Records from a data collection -
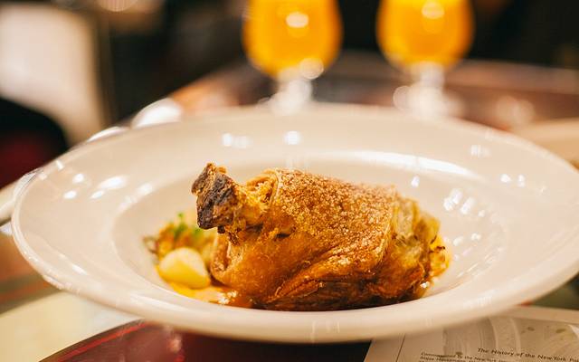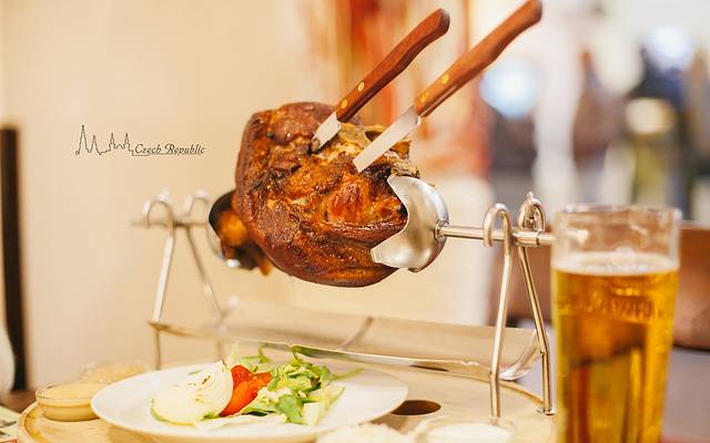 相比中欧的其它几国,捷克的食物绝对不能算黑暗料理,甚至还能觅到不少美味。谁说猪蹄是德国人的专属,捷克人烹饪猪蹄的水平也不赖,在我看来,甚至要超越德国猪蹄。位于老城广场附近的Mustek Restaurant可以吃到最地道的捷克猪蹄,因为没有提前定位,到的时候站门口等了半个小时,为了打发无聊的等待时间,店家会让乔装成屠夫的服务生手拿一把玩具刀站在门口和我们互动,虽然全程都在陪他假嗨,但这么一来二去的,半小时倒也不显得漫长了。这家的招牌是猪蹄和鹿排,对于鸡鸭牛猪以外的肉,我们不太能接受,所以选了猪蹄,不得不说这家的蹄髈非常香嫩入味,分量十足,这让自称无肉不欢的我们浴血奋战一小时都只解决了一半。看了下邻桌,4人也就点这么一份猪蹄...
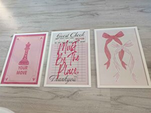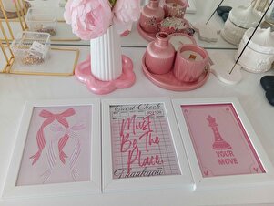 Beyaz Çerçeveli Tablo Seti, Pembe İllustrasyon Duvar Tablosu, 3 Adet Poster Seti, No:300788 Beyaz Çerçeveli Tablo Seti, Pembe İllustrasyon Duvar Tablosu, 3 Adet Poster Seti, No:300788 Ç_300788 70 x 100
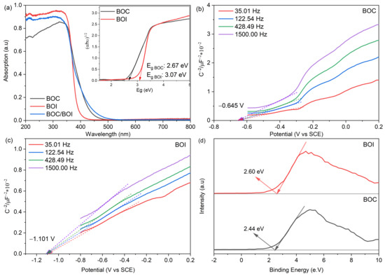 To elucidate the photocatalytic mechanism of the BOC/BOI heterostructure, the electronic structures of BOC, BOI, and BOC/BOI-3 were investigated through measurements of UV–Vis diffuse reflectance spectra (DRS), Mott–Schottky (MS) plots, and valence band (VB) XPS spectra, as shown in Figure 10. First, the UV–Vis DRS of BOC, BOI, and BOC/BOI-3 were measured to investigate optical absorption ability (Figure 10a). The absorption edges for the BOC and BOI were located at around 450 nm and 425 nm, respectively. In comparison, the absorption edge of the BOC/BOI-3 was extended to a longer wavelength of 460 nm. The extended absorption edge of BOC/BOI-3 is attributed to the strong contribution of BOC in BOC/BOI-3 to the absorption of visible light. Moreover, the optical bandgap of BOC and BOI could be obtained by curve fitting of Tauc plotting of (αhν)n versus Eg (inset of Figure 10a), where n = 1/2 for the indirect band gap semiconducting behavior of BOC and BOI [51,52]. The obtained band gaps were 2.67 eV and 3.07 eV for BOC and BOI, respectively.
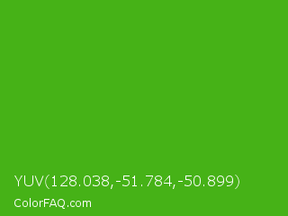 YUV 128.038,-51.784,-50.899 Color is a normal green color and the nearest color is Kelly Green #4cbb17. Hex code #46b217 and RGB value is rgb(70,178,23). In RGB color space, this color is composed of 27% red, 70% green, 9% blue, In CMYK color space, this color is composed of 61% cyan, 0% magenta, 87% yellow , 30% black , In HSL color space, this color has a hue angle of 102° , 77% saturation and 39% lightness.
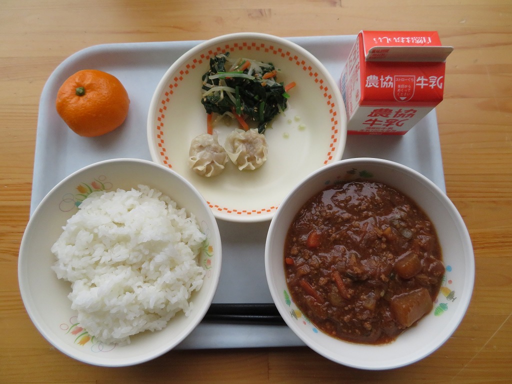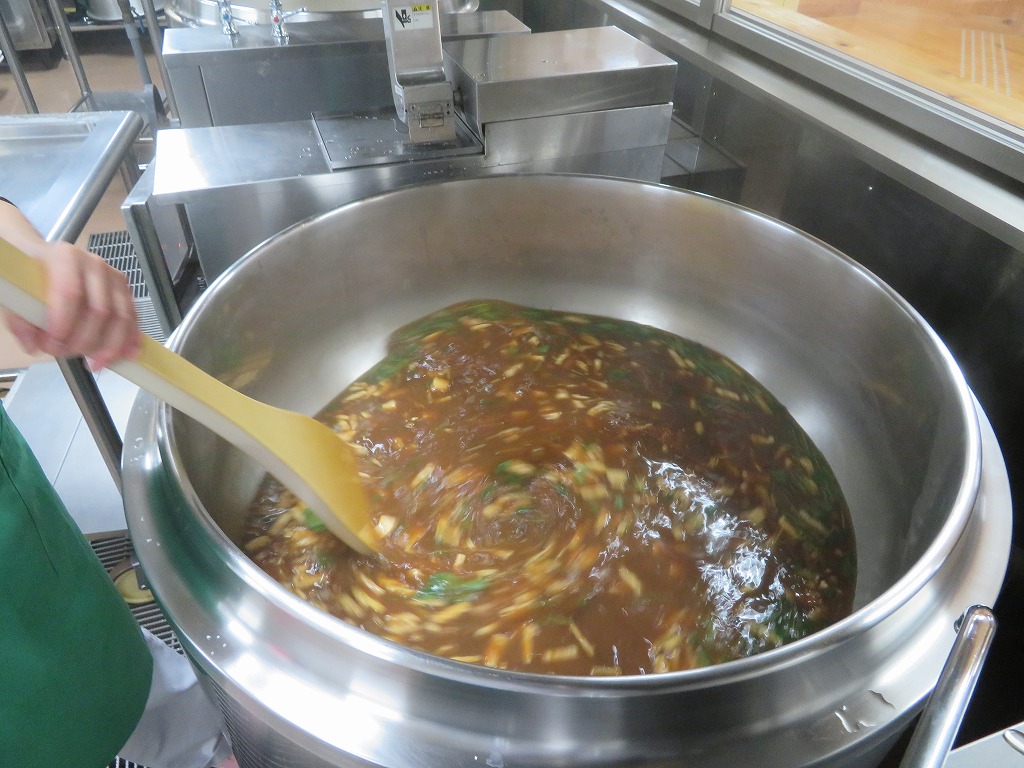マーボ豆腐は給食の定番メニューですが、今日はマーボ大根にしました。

EXERCISE - Please transcribe exactly the lines from the one containing "YUV 128.038,-51.784,-50.899 Color" through the final line of the data, including both, and nothing else. Pictures are to be left out.

EXPECTED ANSWER -
 YUV 128.038,-51.784,-50.899 Color is a normal green color and the nearest color is Kelly Green #4cbb17. Hex code #46b217 and RGB value is rgb(70,178,23). In RGB color space, this color is composed of 27% red, 70% green, 9% blue, In CMYK color space, this color is composed of 61% cyan, 0% magenta, 87% yellow , 30% black , In HSL color space, this color has a hue angle of 102° , 77% saturation and 39% lightness.
マーボ豆腐は給食の定番メニューですが、今日はマーボ大根にしました。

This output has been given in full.